Film review: The Glass Castle – Brie Larson in dysfunctional family drama, based on Jeannette Walls’ memoir
After being raised off the grid by her out-there parents, budding journalist Larson craves normality. But she can’t escape her past in this uneven tale, where only Woody Harrelson as her father makes a lasting impression
A family living off the grid – if that pitch sounds familiar, then you’re probably thinking of director Matt Ross’ Captain Fantastic from last year, with Viggo Mortensen playing the unconventional flower-power father. Based on real-life gossip columnist Jeannette Walls’ memoir, The Glass Castle covers the same terrain, albeit with less success.
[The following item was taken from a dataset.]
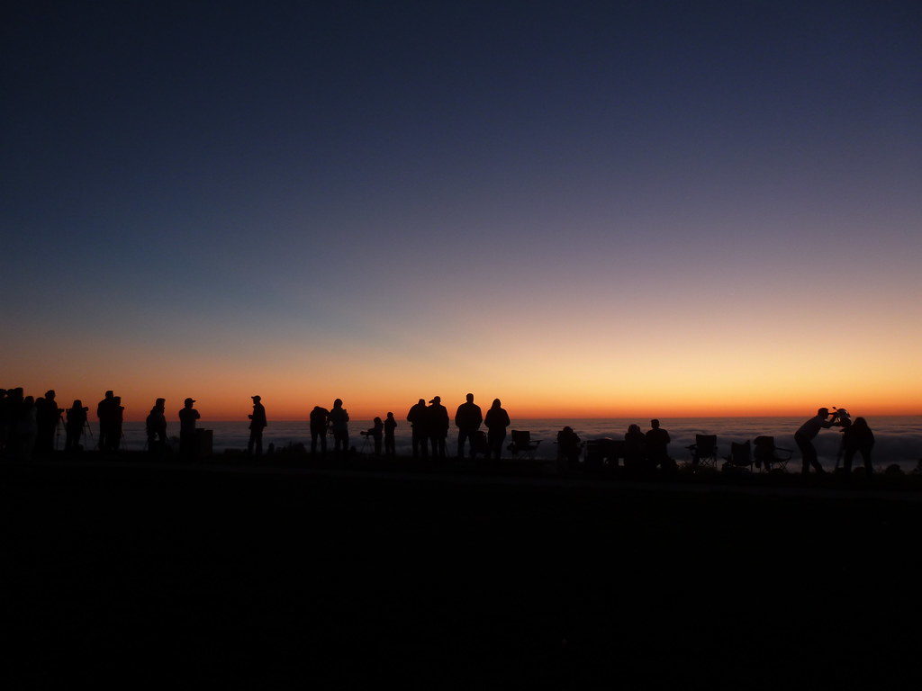 I arrived just minutes before sunset, and found thirty or so people lined up along the western edge of the hill with telescopes, binoculars, and cameras on tripods. It reminded me a lot of the eclipse I watched last May (also in Palos Verdes, though at a different park).

The big draw here is the reunion between Brie Larson, the Oscar-winning actress from Room , and director Destin Daniel Cretton, who previously worked on Larson’s breakthrough Short Term 12. In this late-1980s tale, Larson plays Jeannette, who craves normality after being raised by her out-there folks (Naomi Watts, Woody Harrelson). When we first see them, they’re raiding rubbish bins and squatting in an apartment on New York’s Lower East Side.
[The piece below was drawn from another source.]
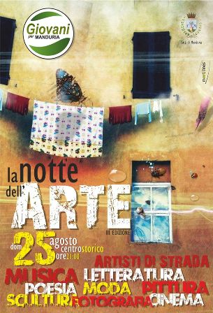 «Da ormai tre anni – ribadisce Tullio Mancino, presidente di Giovani per Manduria – il nostro Movimento regala alla città un’intera serata all’insegna dell’arte, rappresentata nelle sue più diverse forme, dagli artisti più interessanti del panorama locale e non solo. Una importante occasione per promuovere e valorizzare le tante risorse del territorio e i luoghi del centro storico, da noi sempre considerato il fulcro dello sviluppo turistico manduriano. Tutto ciò, nella consapevolezza che la cultura è il miglior motore di crescita di una comunità».

Engaged to financial adviser David (Max Greenfield), rising journalist Jeannette has the world at her feet. But her past relationship with her parents still troubles her, not least as her tyrannical, hard-drinking father takes an instant dislike to her fiancé.
Frequently, we cut back to her difficult childhood – particularly a kitchen accident when she was left unsupervised at the stove and suffered a mishap that left her permanently scarred.
Unfortunately, this yo-yo structure disrupts the rhythm of the film, and Cretton never finds a satisfactory solution. Too often, you’re watching one section wishing you were back in the other.
It doesn’t help that Larson, styled with bouffant hair and shoulder pads, feels like a Dynasty caricature. Only Harrelson really cuts deep into his character, leaving a deep, dark impression. The rest needs work.